Here, on the face of the Debtor’s Schedule J, without any changes or adjustments, the Debtor has $174.43 in excess monthly income. Over 60 months that would equate to $10,465.80. The Debtor schedules $28,103.77 in unsecured debt, which would result in approximately 35% repayment to creditors. Section 707(b)(3) is implicated in that the totality of the circumstances in this case warrants dismissal.4
Section 707(b)(1) provides that a bankruptcy court may raise dismissal under Section 707(b) on its own. Parties are not without remedies under Section 707(b)(3) as the time period has not expired. Under Section 102, this Court concludes that the Debtor has had sufficient notice that Section 707(b)(3) would be at issue in this case at the hearing on the United States Trustee’s motion to dismiss.

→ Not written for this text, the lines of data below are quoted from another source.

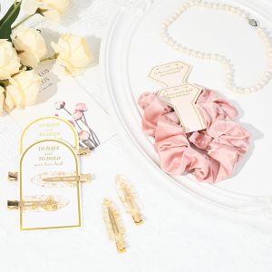Looking for cute stuff for your bridesmaids’ proposal boxes? Here you go! These silk satin scrunchies and hair clips are perfect wedding gifts!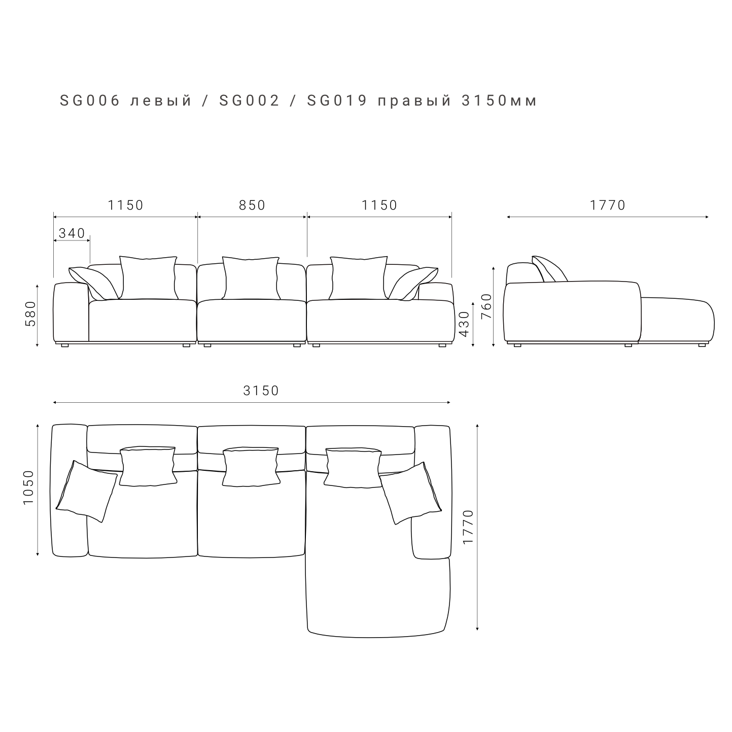 В комплекте с каждым модулем поставляется декоративная подушка в цвет основной ткани дивана.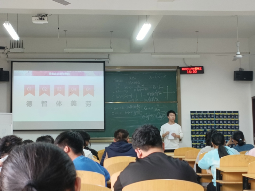 2022年11月10日,财务管理系主任胡小波老师和辅导员张萌老师组织22级财务管理专业等班级参加了罗飞同学经验专场交流会。罗飞在分享中鼓励22级新生要注重德、智、体、美、劳全面发展,介绍了大学中成长和收获的感悟,推荐了实用的学科竞赛的参赛技巧和技能学习资源。在现场,罗飞还和22级新生进行了互动交流,解答了考证、工作等方面相关问题。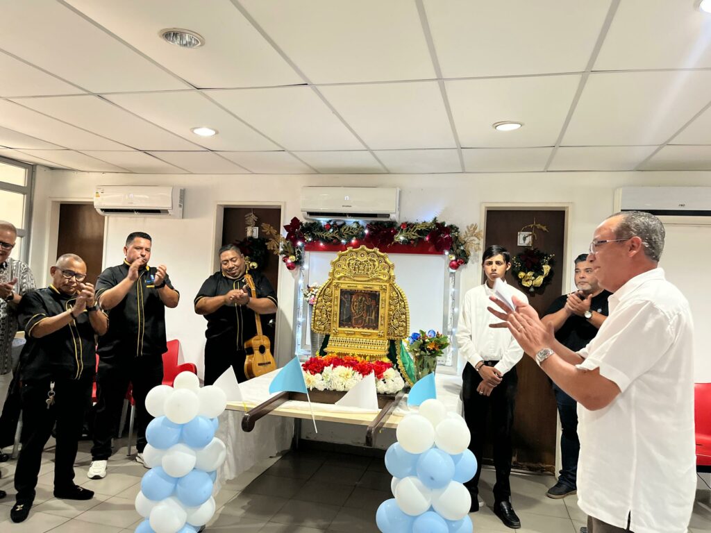Gaiteros de las agrupaciones Iluminación, Gaita y Show y de Zagales del Padre Vílchez, le rindieron tributo a la Virgen Morena con un hermoso potpurrí de canciones. El ambiente de nuestra redacción se llenó de alegría y cierta nostalgia con la inmaculada imagen, invitándonos a la reconciliación y a la unión familiar. El presbítero, Alfonso Rodríguez, párroco de la iglesia Santo Cristo de Aranza y Nuestra Señora de la Medalla Milagrosa, fue el encargado de ofrecer una breve pero sentida eucaristía.
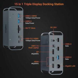- Integriertes Netzteil: Mit im Lieferumfang enthaltenem Netzkabel sorgt die Docking Station nicht nur für Datenübertragung, sondern liefert zudem ausreichend Strom, um den Laptop direkt aufzuladen – keine zusätzlichen Ladegeräte mehr nötig, reduziert Kabelchaos.

Accordingly, upon the foregoing and for good cause found, IT IS ORDERED, ADJUDGED, and DECREED that:
1. The United States Trustee’s Motion to Dismiss, (Doc. No. 19), be and is hereby GRANTED, in that the Court raises Section 707(b)(3) through the United States Trustee’s motion to dismiss and finds and concludes that the totality of the cir*344cumstances arises warranting either dismissal or voluntary conversion of the case;
2. The chapter 7 bankruptcy case of In re Leticia, Behague, 9: ll-bkl7031-BSS be and hereby stands DISMISSED, the effect of which is stayed for fourteen (14) days; and
3. The Debtor has FOURTEEN (14) DAYS from the entry date of this order to seek conversion of this case to chapters 11 or 13, or alternatively to seek reconsideration based upon facts the Court was not aware of at the hearing.
DONE and ORDERED.
. See Section 707(b)(2)(A)(ii)(I), “the debtor's applicable see also Section 707(b)(2)(A)(ii)(II), "the debtor's monthly expenses may include, if applicable
. See Section 707(b)(2)(A)(ii)(II), "the debt- or's monthly expenses may include ... the continuation of actual expenses," see also, Section 707(b)(2)(A)(ii)(III), "the debtor's monthly expenses may include the actual administrative expenses Section 707(b)(2)(A)(ii)(IV), "the debtor's monthly expenses may include the actual expenses .. and Section 707(b)(2)(A)(ii)(V), "the debtor's monthly expenses may include ... in excess of the allowance ... based on the actual expenses for home energy costs ...”
. Section 707(b)(2)(A)(iii)(II) contains other limited provisions for curing of arrearages which are not relevant to this case.
. See generally In re Behlke, 358 F.3d 429, 437-38 (6th Cir.2004)(concluding that an ability to repay approximately 14% to unsecured creditors alone may be sufficient to warrant dismissal under substantial abuse).